Schmitt trigger threshold voltage

Thread Starter

Jony130

Joined Feb 17, 2009
5,241
Hi.

I want to ask a question about BJT's version of a Schmitt's trigger.

1a.png

How would you define this two threshold points VL and Vh.

Vh is when Vin rise towards Vcc and Q1 start to conduct Ic1 current and Ic1 pulls current away from the Q2 base. And eventually Q2 start to coming-out from the saturation region and positive feedback kicks-in.

So to be able to find this threshold point I write these equations

How to write the equation for this point?
 

crutschow

Joined Mar 14, 2008
27,414
When the input is low, the current from Q2 is generating a voltage across Re1, creating a turn-on voltage for Q1 equal to that voltage plus Q1's Vbe.
When Q1 turns on, Q2 turns off, reducing the current through Re1, and thus the threshold voltage, producing the Schmitt trigger action.
You just need to write the equations for those two conditions.

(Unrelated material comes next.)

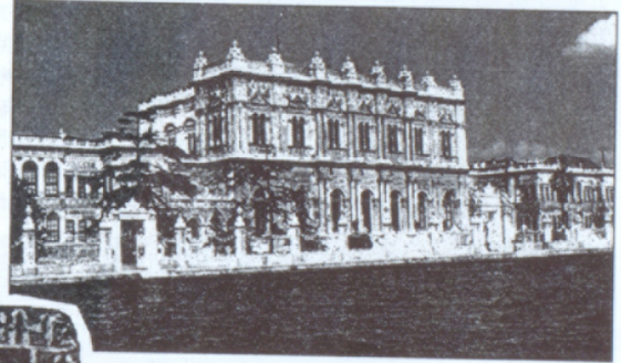
Դոլմաբախիշէ պալատը (1856) Ճարտարապետ՝ Կ. Պալեան

ռաջին հայ կոմպոզիտորն էր, որ մասնագիտական կրթութիւն է ստացել Եւրոպայում: Չոլխանեանը դարձաւ հայկական առաջին օպերաների և օպերետների, ոմանաների և գործիքային ստեղծագործութիւնների հեղինակը, երաժշտական առաջին թատրոնի հիմնադիրն ու կազմակերպիչը արևմտահայ իրականութեան մէջ՝ դնելով երաժշտական թատրոնի հիմքերը Թուրքիայում և ամբողջ Մերձատր Արևելքում:

Note that the value of Rc1 appears to be much too small for proper circuit operation.
 

Thread Starter

Jony130

Joined Feb 17, 2009
5,241
When the input is low, the current from Q2 is generating a voltage across Re1, creating a turn-on voltage for Q1 equal to that voltage plus Q1's Vbe. When Q1 turns on, Q2 turns off, reducing the current through Re1, and thus the threshold voltage
But when Q1 turns on Q2 won't cut-off immediately.


The "easiest" part is the situation when the input voltage chnages from Vcc towards the lower threshold voltage VL.
Q1 is saturated and Q2 is cut-off. A Q2 tuns on whne Q1 Vce1 > 0.6V

Heance if I Assume that Vce1 = 0.6V is a Q2 turns on voltage I can easily solve for the VL voltage.

Vcc = Ib1*β*Rc1 + Vce1 + Ib1(β+1)Re

And VL = Ib1*RB1 +Vbe1+ Ib1*(β+1)*Re = ((Vcc - Vce1)* (Rb1 + (β+1)*Re))/(β*Rc1 + (β +1)*Re) + Vbe1

where Vce1 is a Q2 turns-on voltage.

But how big the turn-on voltage should be to start the positive feedback mechanism?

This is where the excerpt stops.